** RECORDS FOR PROCESSING follows **

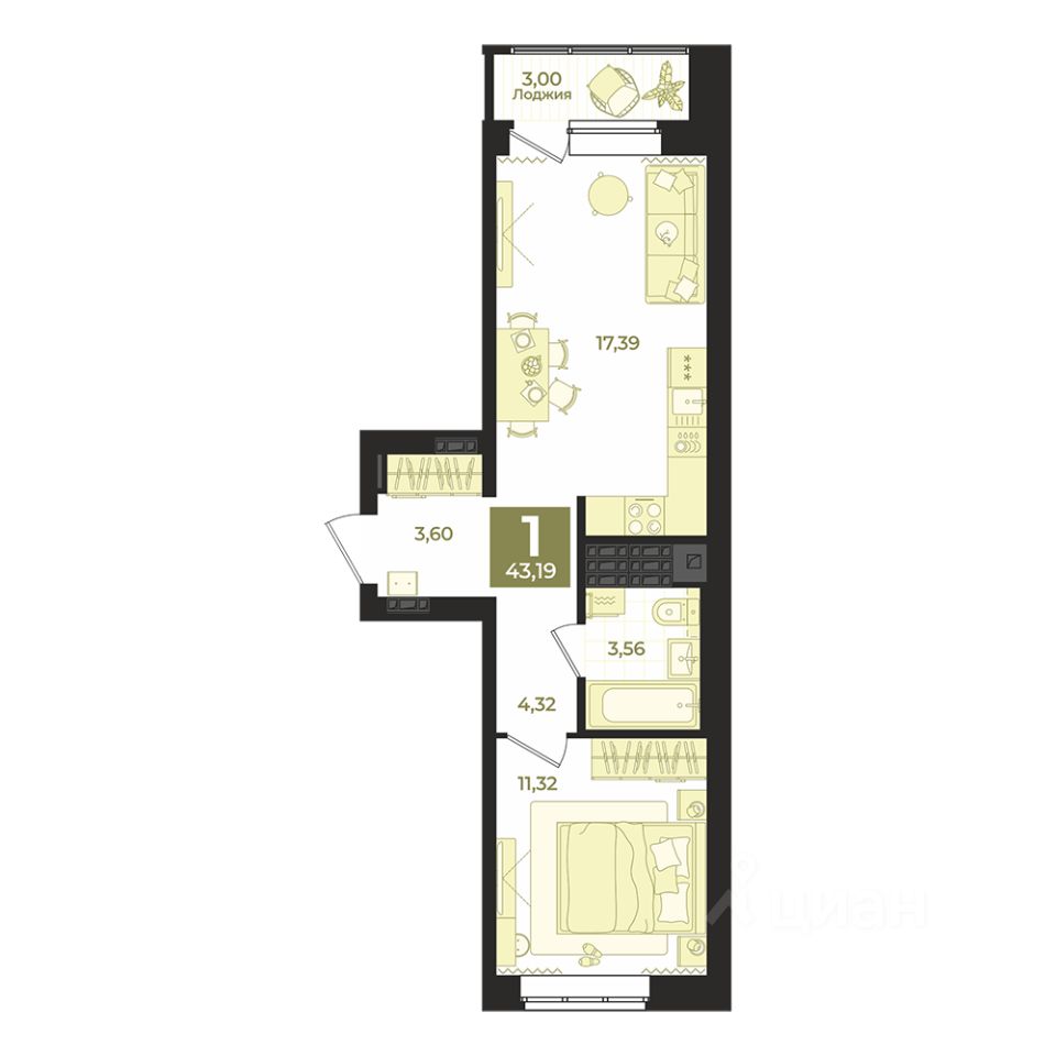 Общая площадь43,19 м2
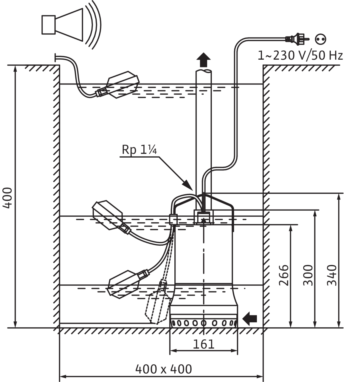Занурювальний насос для стаціонарного та мобільного установки в зануреному стані для повністю автоматичного режиму завдяки встановленому поплавковому вимикача.
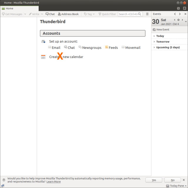 今回はメーラーとしてThunderbirdを使うことはないので、初回起動時のダイアログやカレンダーの作成を全てスキップします。
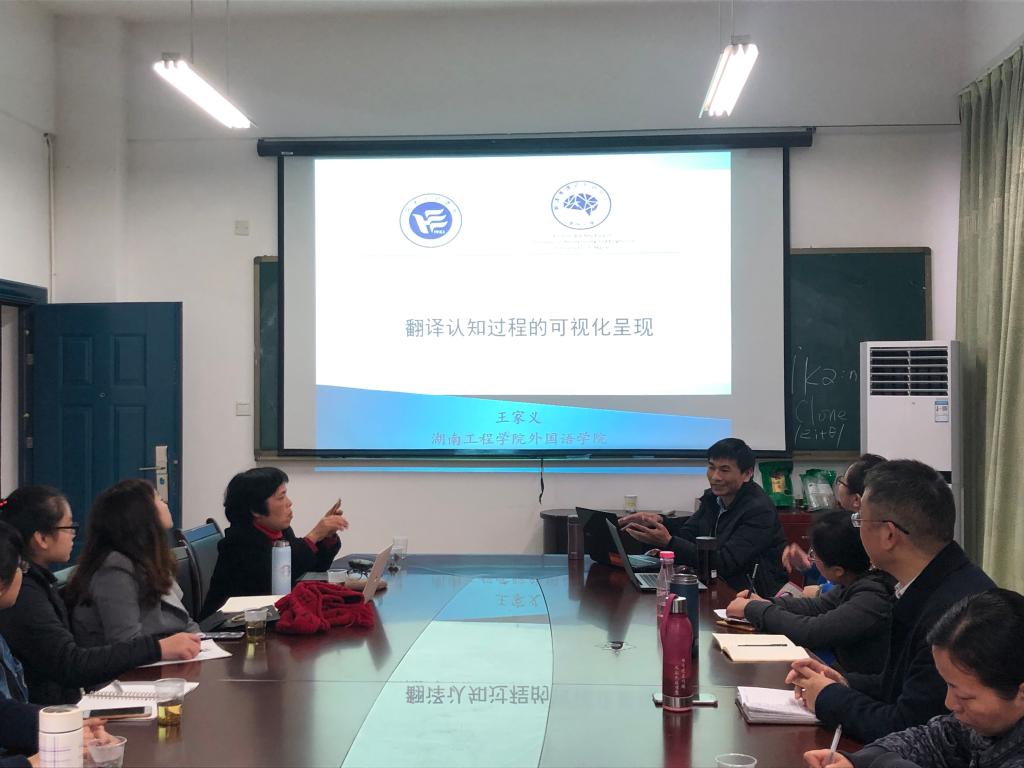 下半场,王家义做了题为“翻译认知过程的可视化呈现”的学术报告。首先,他从眼睛的生理性特征着手,提出眼动测量这一概念。研究者通过观察眼动的直接指标、注视类指标、瞳孔直径等,追踪被试者的心理活动状态,把眼动数据与认知过程对应起来,对心理活动进行精细分析,有效推测个人的认知过程。眼动追踪技术现已应用于自闭症儿童行为观察、广告设计、消费心理学等各个方面,以此为切入点,他重点介绍了眼动追踪翻译过程的相关研究。比如通过追踪被试者做常规阅读和翻译阅读时的各类指标,探讨阅读过程中是否同时存在翻译活动的问题。又如通过呈现视译和笔译的可视化进程,直观归纳译者对译文的加工和产出过程等。最后,他以自身从事的个案研究为例,介绍了翻译进程可视化的步骤和方法。
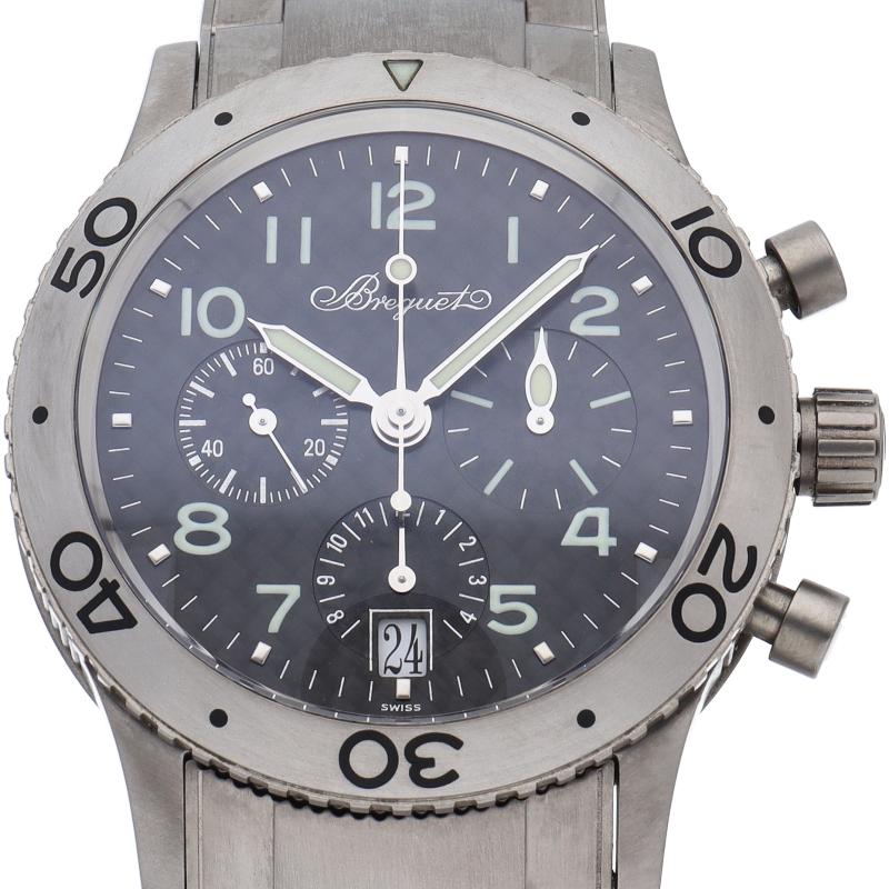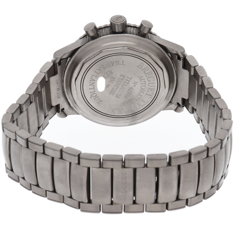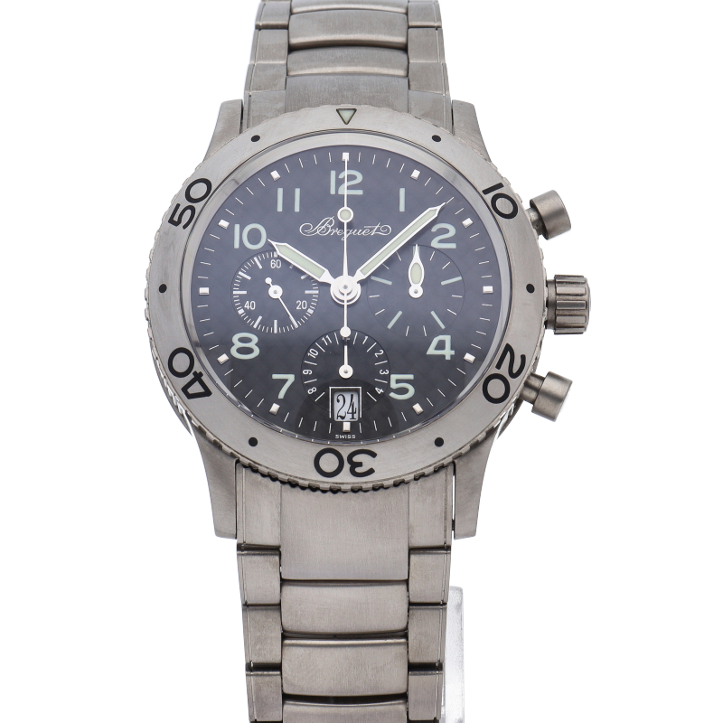 ブレゲの人気パイロットウォッチ「トランスアトランティック」。フライバック機能付クロノグラフ・デイト表示機能搭載で機能性やデザイン性に富んだ1本。

** End of RECORDS FOR PROCESSING **

__TRY IT__: Write the entries above out again exactly, omitting each image.

__ANSWER SECTION__:
 Общая площадь43,19 м2
Занурювальний насос для стаціонарного та мобільного установки в зануреному стані для повністю автоматичного режиму завдяки встановленому поплавковому вимикача.
 今回はメーラーとしてThunderbirdを使うことはないので、初回起動時のダイアログやカレンダーの作成を全てスキップします。
 下半场,王家义做了题为“翻译认知过程的可视化呈现”的学术报告。首先,他从眼睛的生理性特征着手,提出眼动测量这一概念。研究者通过观察眼动的直接指标、注视类指标、瞳孔直径等,追踪被试者的心理活动状态,把眼动数据与认知过程对应起来,对心理活动进行精细分析,有效推测个人的认知过程。眼动追踪技术现已应用于自闭症儿童行为观察、广告设计、消费心理学等各个方面,以此为切入点,他重点介绍了眼动追踪翻译过程的相关研究。比如通过追踪被试者做常规阅读和翻译阅读时的各类指标,探讨阅读过程中是否同时存在翻译活动的问题。又如通过呈现视译和笔译的可视化进程,直观归纳译者对译文的加工和产出过程等。最后,他以自身从事的个案研究为例,介绍了翻译进程可视化的步骤和方法。
 ブレゲの人気パイロットウォッチ「トランスアトランティック」。フライバック機能付クロノグラフ・デイト表示機能搭載で機能性やデザイン性に富んだ1本。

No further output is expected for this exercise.